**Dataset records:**
Segment Open

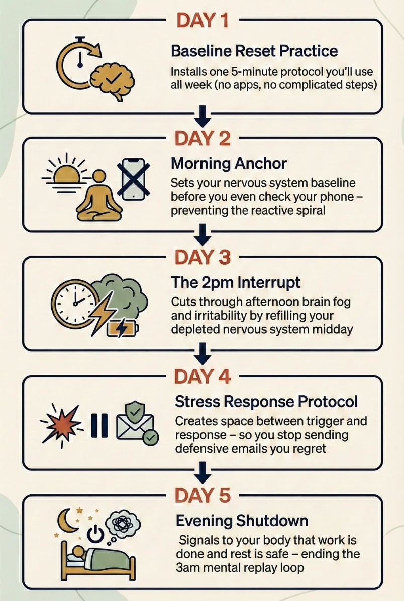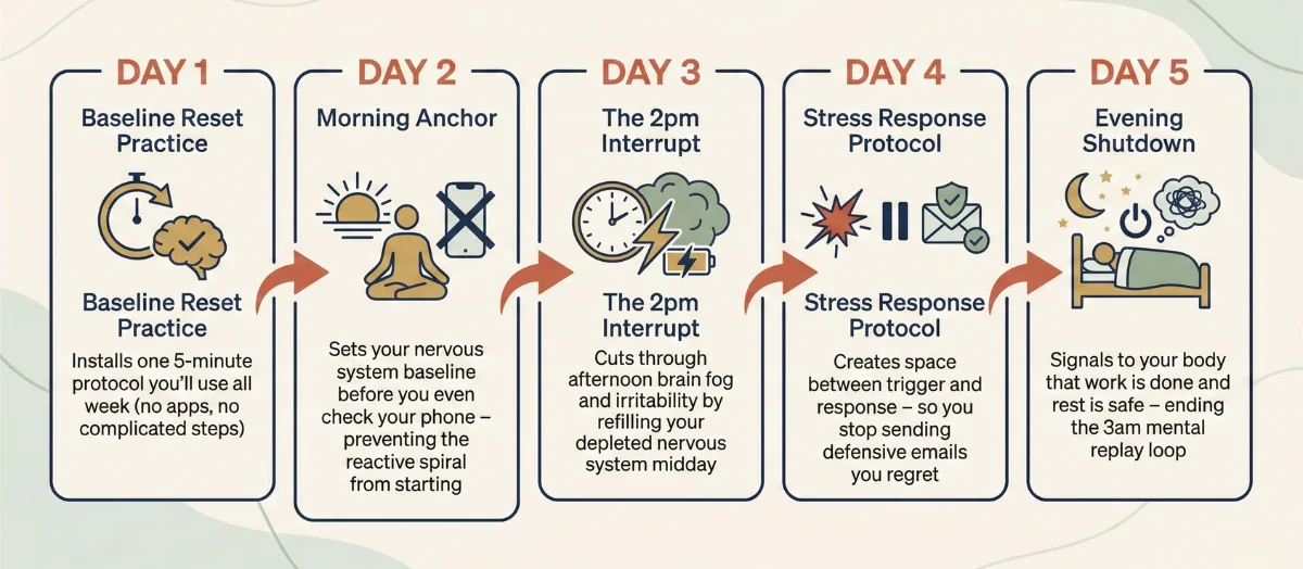 Then Days 2-5 install that practice at the exact moments your nervous system needs it: morning (sets baseline), midday (prevents depletion), before stress (creates space), evening (signals safety).
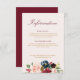 Kort med detaljuppgifter om bröllop med en underbar vattenfärgsblomma och elegant text. Färg kan ändras för att matcha ditt bröllop-tema.
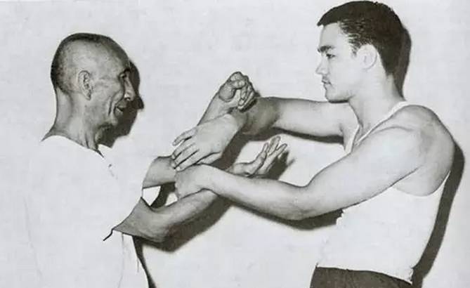 叶问老先生是广东佛山人,40年代后期因战争迁来香港,并开设拳馆专门教授咏春拳,是近代香港武坛德艺俱精且令人敬仰的一代武学名师,是香港武术界的领袖人物,更是咏春拳得以走向世界的首位功臣,因他于1949年开班授徒之前,咏春拳基本上是一种家庭式的教学方式,各位咏春高手只是将拳艺传于自己的子侄甚至族人,像如此大规模授艺,在咏春拳二百多年的历史上尚属首次。李小龙则是在街战失利及受好友张卓庆的影响而决定投入到咏春门下的。因为李小龙突然间感觉到张卓庆的技击犀利了许多,原因是他开始学习了咏春拳的缘故,所以在张卓庆的介绍下他亦正式拜入了叶问宗师的门下,而开始系统学习咏春拳。当然开明的叶问亦不反对李小龙继续练习太极拳,也不反对自己的弟子与别的拳派过招,相反他还特别注重实战训练,因为他知道一个拳派要想生存下去靠的就是自己的实力,习武者只有在“讲手”或“实战”中,才能不断地完善与强大自己。这一切,均对李小龙影响至深。
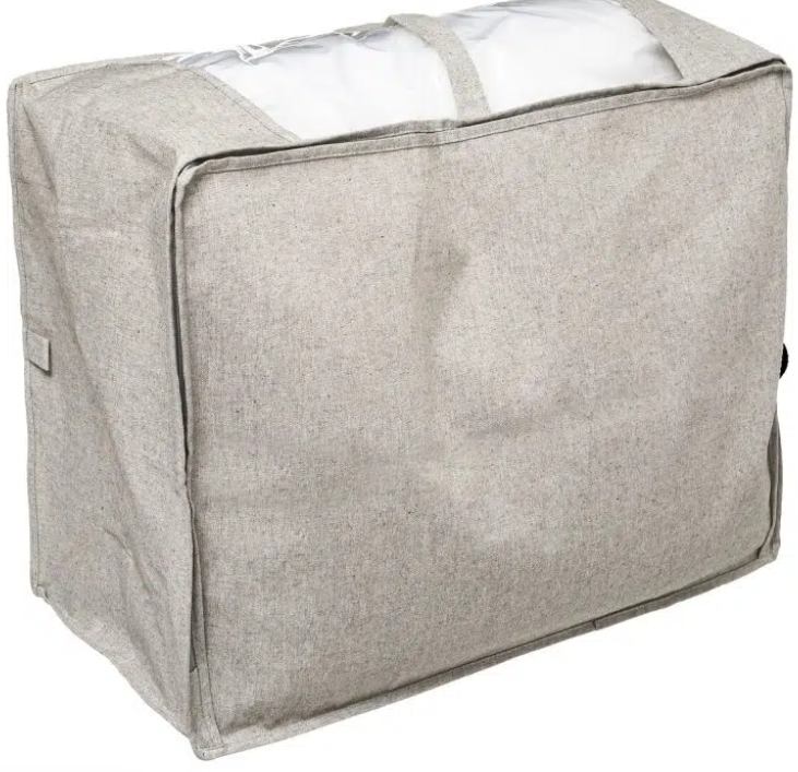 Spremnik za odlaganje dimenzija 60 × 45 × 30 cm izrađen je od kombinacije poliestera i pamuka, pružajući izdržljivost, fleksibilnost i elegantan izgled. Bež boja omogućuje lako uklapanje u različite interijere, dok lagana konstrukcija olakšava rukovanje i premještanje.
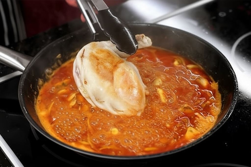Do bulgoczącego sosu włóż delikatnie przygotowane piersi i gotuj 25 minut. Ugotowane mięso serwuj z sałatą i chrupiącą bagietką.
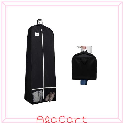 【大容量】:あらゆる種類のスーツ、ドレス、ガウン、ウェディングドレス、シャツ、ジャケット、Tシャツに対応し、1〜3着のスーツまたはドレスを収納できます。 1つのバッグに複数のアイテムを収納できます。さらに、ガーメントバッグには靴、アクセサリー、その他のアイテムを収納できるポケットが2つ付いています。
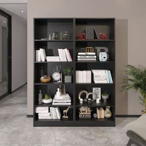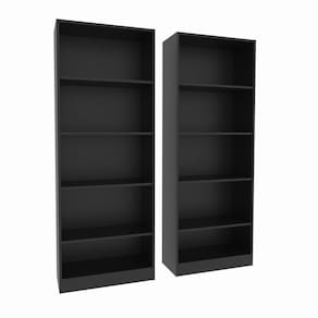 Estante Multiuso ME4141, possui prateleiras com amplo espaço para armazenar diversos itens e objetos. Material em MDP e acabamento em BP. Imagem meramente ilustrativa. A decoração do ambiente não acompanha o produto, produto é entregue desmontado, novo, acompanha nota, manual de montagem e ferragem. Altura do Conjunto: 160 cm Ambiente: Escritório Ambiente Principal: Escritório Cor: Preto Informação Complementar: 2x Estante 59,6cmx160cm 4 Prateleiras ME4141 Preto Largura: 59,8 cm Altura: 160 cm Profundidade: 25,5 cm Necessita Montagem: Sim
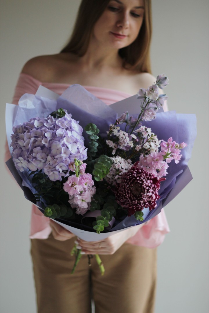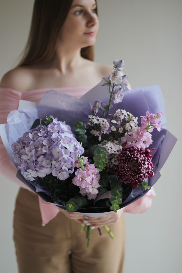 - - Гортензия,эвкалипт,хамелациум,маттиола,одноголовая хризантема
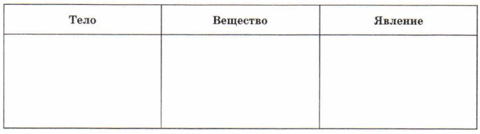 1.22. Опишите, какими основными физическими явлениями сопровождается выстрел из артиллерийского орудия. 1.23. Опишите, какими основными физическими явлениями сопровождается старт ракеты с поверхности Земли. 1.24. Начертите в тетради приведенную ниже таблицу. Определите, какие из перечисленных ниже слов обозначают физическое тело, какие — вещество и какие — явление и запишите их в соответствующую колонку: мел, молния, рассвет, капля воды, Луна, выстрел, циркуль, ртуть, мед, наводнение, молоко, авторучка, лед, таяние льда, вьюга, вода.
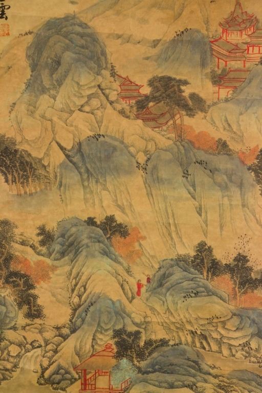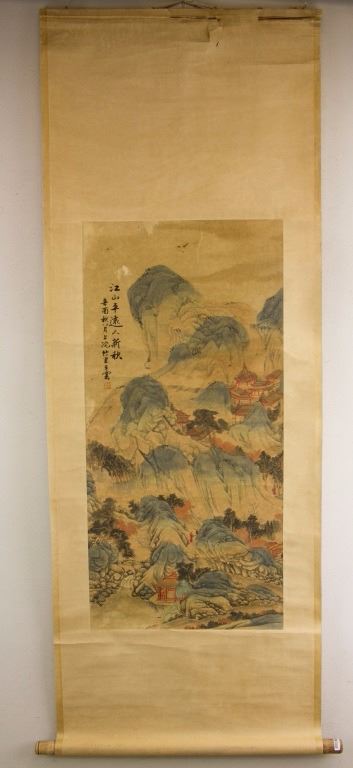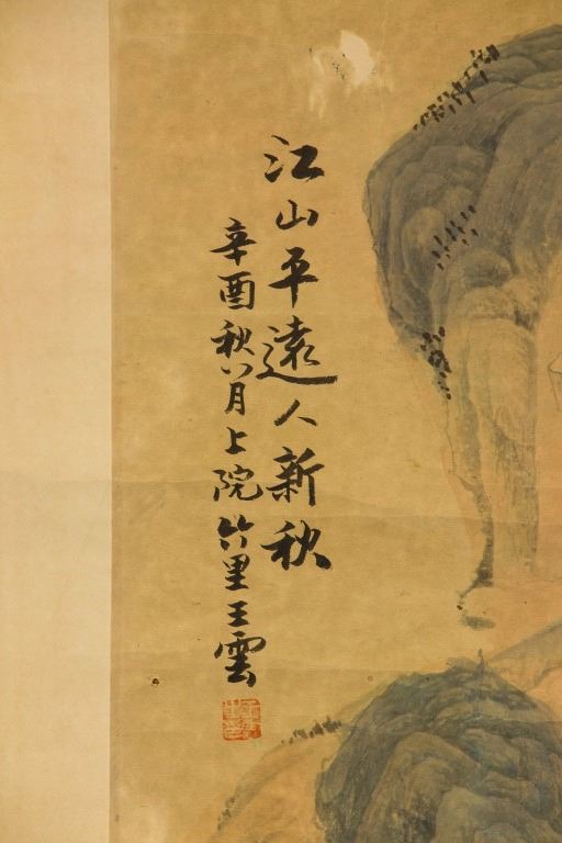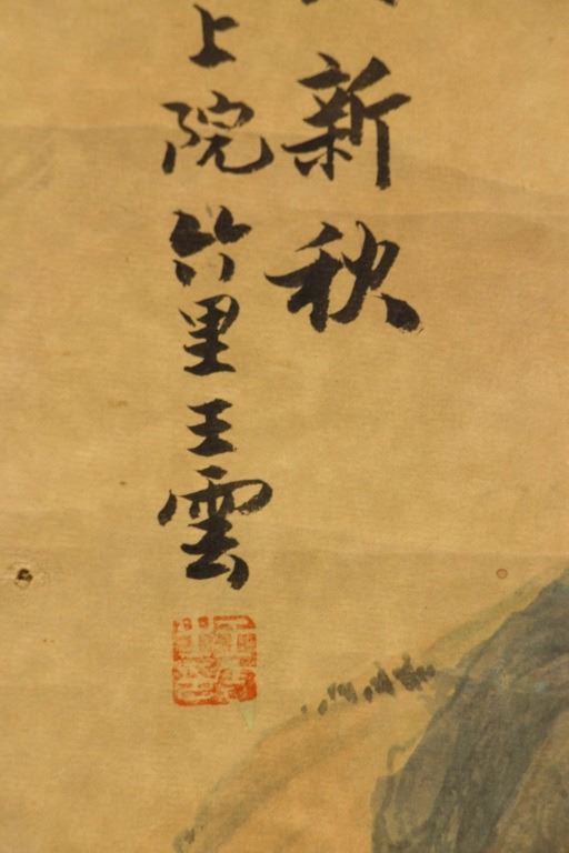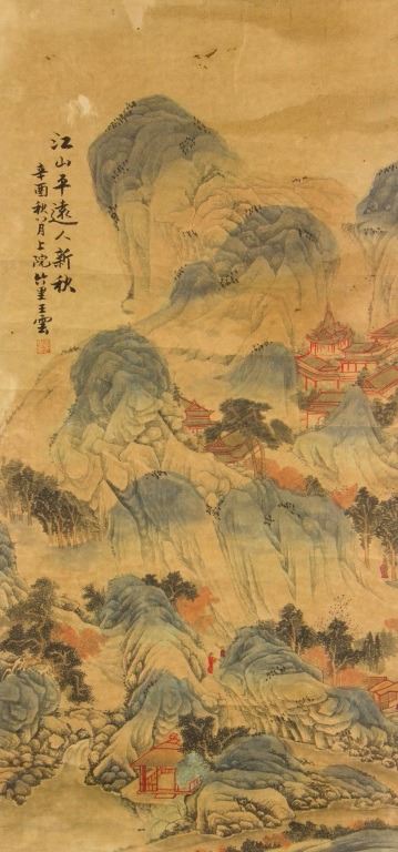 Mountainous landscape with pavilions in early autumn; Chinese ink and watercolour on paper; hanging scroll; signed Wang Yun (1652-1735); inscribed with 1 artist seal; 92 cm x 44 cm
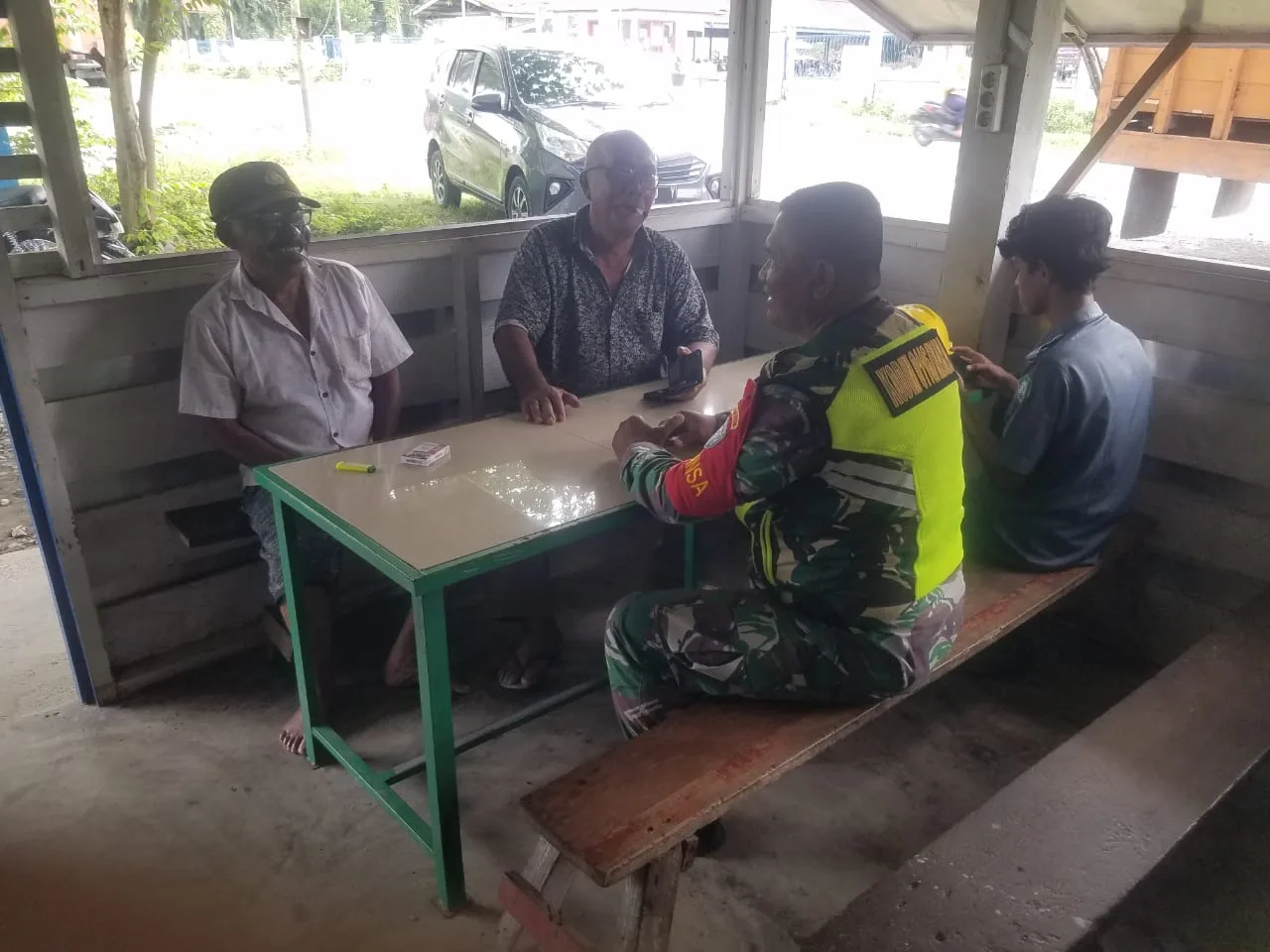 Serma Wandi Suwito sebagai Babinsa Posramil Beutong Ateuh Banggalang yang mendapat tugas melaksanakan Kegiatan Teritorial di Desa Binaan yaitu Desa Blang Meurandeh Kab. Nagan Raya menyempatkan untuk melaksanakan komsos di salah satu warung kopi bersama tokoh masyarakat tersebut “.
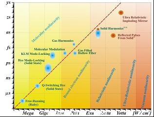 隨著激光技術(shù)飛速發(fā)展,超快激光出現(xiàn)了人們的視線之中,它具備獨(dú)特的超短脈沖、超強(qiáng)特性,能以較低的脈沖能量獲得極高的峰值光強(qiáng)。超短脈沖啁啾放大技術(shù)(Chirped Pulse Amplification,CPA)的出現(xiàn)使超快激光的強(qiáng)度得到大大提高。與傳統(tǒng)長脈沖激光及連續(xù)激光不同,超快激光有著超短的激光脈沖,這使得激光脈沖的頻譜寬度相當(dāng)大。這樣寬的頻譜在進(jìn)行諸如原子能級(jí)研究,激光選鍵化學(xué)等方面都具有重要的應(yīng)用。利用超快激光脈沖短的特點(diǎn),可以采用泵浦-探測(cè)的方式,將激光脈沖與物質(zhì)相互作用現(xiàn)象在不同的時(shí)刻照相,以期獲得整個(gè)過程的特點(diǎn)。這個(gè)方法已經(jīng)被應(yīng)用到各個(gè)領(lǐng)域,如在原子與分子反應(yīng)動(dòng)力學(xué)研究中以及觀察電子的運(yùn)動(dòng),利用飛秒激光脈沖甚至阿秒脈沖,通過泵浦-探測(cè)的方法觀察到反應(yīng)過程。聚焦后的超快激光,其峰值功率密度超過1013W/cm2時(shí),所產(chǎn)生的電場(chǎng)強(qiáng)度就已經(jīng)大于原子的內(nèi)電場(chǎng)。它提供的極強(qiáng)極高的電場(chǎng),能夠超過價(jià)帶電子的束縛力,使分子、原子的電子體系發(fā)生巨大變化。利用這個(gè)特性,人們可以研究由于超快激光導(dǎo)致原子內(nèi)部產(chǎn)生的奇特現(xiàn)象。并且,超快激光還顯示出其它不同的特性,如熱影響區(qū)域小、作用效果能夠超過光學(xué)衍射極限、優(yōu)秀的空間選擇特性。下圖展示了超快超強(qiáng)激光的發(fā)展過程與應(yīng)用范圍。
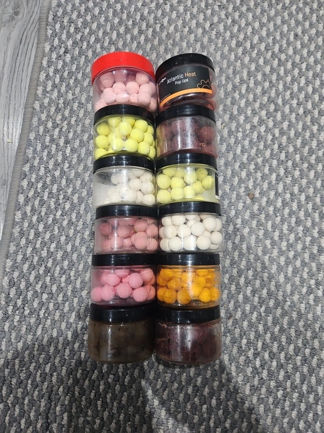 12 tubs of barely used baitworks pops and wafters heaven hell sea monster pineaphell
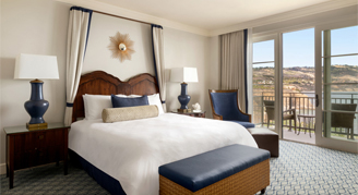 Rooms feature one king bed, a writing desk, a walk-in shower, separate bathtub, a balcony or patio and views of the Pacific Ocean.

Segment Closed

Repeat every record above exactly, but drop the pictures.

 Then Days 2-5 install that practice at the exact moments your nervous system needs it: morning (sets baseline), midday (prevents depletion), before stress (creates space), evening (signals safety).
 Kort med detaljuppgifter om bröllop med en underbar vattenfärgsblomma och elegant text. Färg kan ändras för att matcha ditt bröllop-tema.
 叶问老先生是广东佛山人,40年代后期因战争迁来香港,并开设拳馆专门教授咏春拳,是近代香港武坛德艺俱精且令人敬仰的一代武学名师,是香港武术界的领袖人物,更是咏春拳得以走向世界的首位功臣,因他于1949年开班授徒之前,咏春拳基本上是一种家庭式的教学方式,各位咏春高手只是将拳艺传于自己的子侄甚至族人,像如此大规模授艺,在咏春拳二百多年的历史上尚属首次。李小龙则是在街战失利及受好友张卓庆的影响而决定投入到咏春门下的。因为李小龙突然间感觉到张卓庆的技击犀利了许多,原因是他开始学习了咏春拳的缘故,所以在张卓庆的介绍下他亦正式拜入了叶问宗师的门下,而开始系统学习咏春拳。当然开明的叶问亦不反对李小龙继续练习太极拳,也不反对自己的弟子与别的拳派过招,相反他还特别注重实战训练,因为他知道一个拳派要想生存下去靠的就是自己的实力,习武者只有在“讲手”或“实战”中,才能不断地完善与强大自己。这一切,均对李小龙影响至深。
 Spremnik za odlaganje dimenzija 60 × 45 × 30 cm izrađen je od kombinacije poliestera i pamuka, pružajući izdržljivost, fleksibilnost i elegantan izgled. Bež boja omogućuje lako uklapanje u različite interijere, dok lagana konstrukcija olakšava rukovanje i premještanje.
Do bulgoczącego sosu włóż delikatnie przygotowane piersi i gotuj 25 minut. Ugotowane mięso serwuj z sałatą i chrupiącą bagietką.
 【大容量】:あらゆる種類のスーツ、ドレス、ガウン、ウェディングドレス、シャツ、ジャケット、Tシャツに対応し、1〜3着のスーツまたはドレスを収納できます。 1つのバッグに複数のアイテムを収納できます。さらに、ガーメントバッグには靴、アクセサリー、その他のアイテムを収納できるポケットが2つ付いています。
 Estante Multiuso ME4141, possui prateleiras com amplo espaço para armazenar diversos itens e objetos. Material em MDP e acabamento em BP. Imagem meramente ilustrativa. A decoração do ambiente não acompanha o produto, produto é entregue desmontado, novo, acompanha nota, manual de montagem e ferragem. Altura do Conjunto: 160 cm Ambiente: Escritório Ambiente Principal: Escritório Cor: Preto Informação Complementar: 2x Estante 59,6cmx160cm 4 Prateleiras ME4141 Preto Largura: 59,8 cm Altura: 160 cm Profundidade: 25,5 cm Necessita Montagem: Sim
 - - Гортензия,эвкалипт,хамелациум,маттиола,одноголовая хризантема
 1.22. Опишите, какими основными физическими явлениями сопровождается выстрел из артиллерийского орудия. 1.23. Опишите, какими основными физическими явлениями сопровождается старт ракеты с поверхности Земли. 1.24. Начертите в тетради приведенную ниже таблицу. Определите, какие из перечисленных ниже слов обозначают физическое тело, какие — вещество и какие — явление и запишите их в соответствующую колонку: мел, молния, рассвет, капля воды, Луна, выстрел, циркуль, ртуть, мед, наводнение, молоко, авторучка, лед, таяние льда, вьюга, вода.
 Mountainous landscape with pavilions in early autumn; Chinese ink and watercolour on paper; hanging scroll; signed Wang Yun (1652-1735); inscribed with 1 artist seal; 92 cm x 44 cm
 Serma Wandi Suwito sebagai Babinsa Posramil Beutong Ateuh Banggalang yang mendapat tugas melaksanakan Kegiatan Teritorial di Desa Binaan yaitu Desa Blang Meurandeh Kab. Nagan Raya menyempatkan untuk melaksanakan komsos di salah satu warung kopi bersama tokoh masyarakat tersebut “.
 隨著激光技術(shù)飛速發(fā)展,超快激光出現(xiàn)了人們的視線之中,它具備獨(dú)特的超短脈沖、超強(qiáng)特性,能以較低的脈沖能量獲得極高的峰值光強(qiáng)。超短脈沖啁啾放大技術(shù)(Chirped Pulse Amplification,CPA)的出現(xiàn)使超快激光的強(qiáng)度得到大大提高。與傳統(tǒng)長脈沖激光及連續(xù)激光不同,超快激光有著超短的激光脈沖,這使得激光脈沖的頻譜寬度相當(dāng)大。這樣寬的頻譜在進(jìn)行諸如原子能級(jí)研究,激光選鍵化學(xué)等方面都具有重要的應(yīng)用。利用超快激光脈沖短的特點(diǎn),可以采用泵浦-探測(cè)的方式,將激光脈沖與物質(zhì)相互作用現(xiàn)象在不同的時(shí)刻照相,以期獲得整個(gè)過程的特點(diǎn)。這個(gè)方法已經(jīng)被應(yīng)用到各個(gè)領(lǐng)域,如在原子與分子反應(yīng)動(dòng)力學(xué)研究中以及觀察電子的運(yùn)動(dòng),利用飛秒激光脈沖甚至阿秒脈沖,通過泵浦-探測(cè)的方法觀察到反應(yīng)過程。聚焦后的超快激光,其峰值功率密度超過1013W/cm2時(shí),所產(chǎn)生的電場(chǎng)強(qiáng)度就已經(jīng)大于原子的內(nèi)電場(chǎng)。它提供的極強(qiáng)極高的電場(chǎng),能夠超過價(jià)帶電子的束縛力,使分子、原子的電子體系發(fā)生巨大變化。利用這個(gè)特性,人們可以研究由于超快激光導(dǎo)致原子內(nèi)部產(chǎn)生的奇特現(xiàn)象。并且,超快激光還顯示出其它不同的特性,如熱影響區(qū)域小、作用效果能夠超過光學(xué)衍射極限、優(yōu)秀的空間選擇特性。下圖展示了超快超強(qiáng)激光的發(fā)展過程與應(yīng)用范圍。
 12 tubs of barely used baitworks pops and wafters heaven hell sea monster pineaphell
 Rooms feature one king bed, a writing desk, a walk-in shower, separate bathtub, a balcony or patio and views of the Pacific Ocean.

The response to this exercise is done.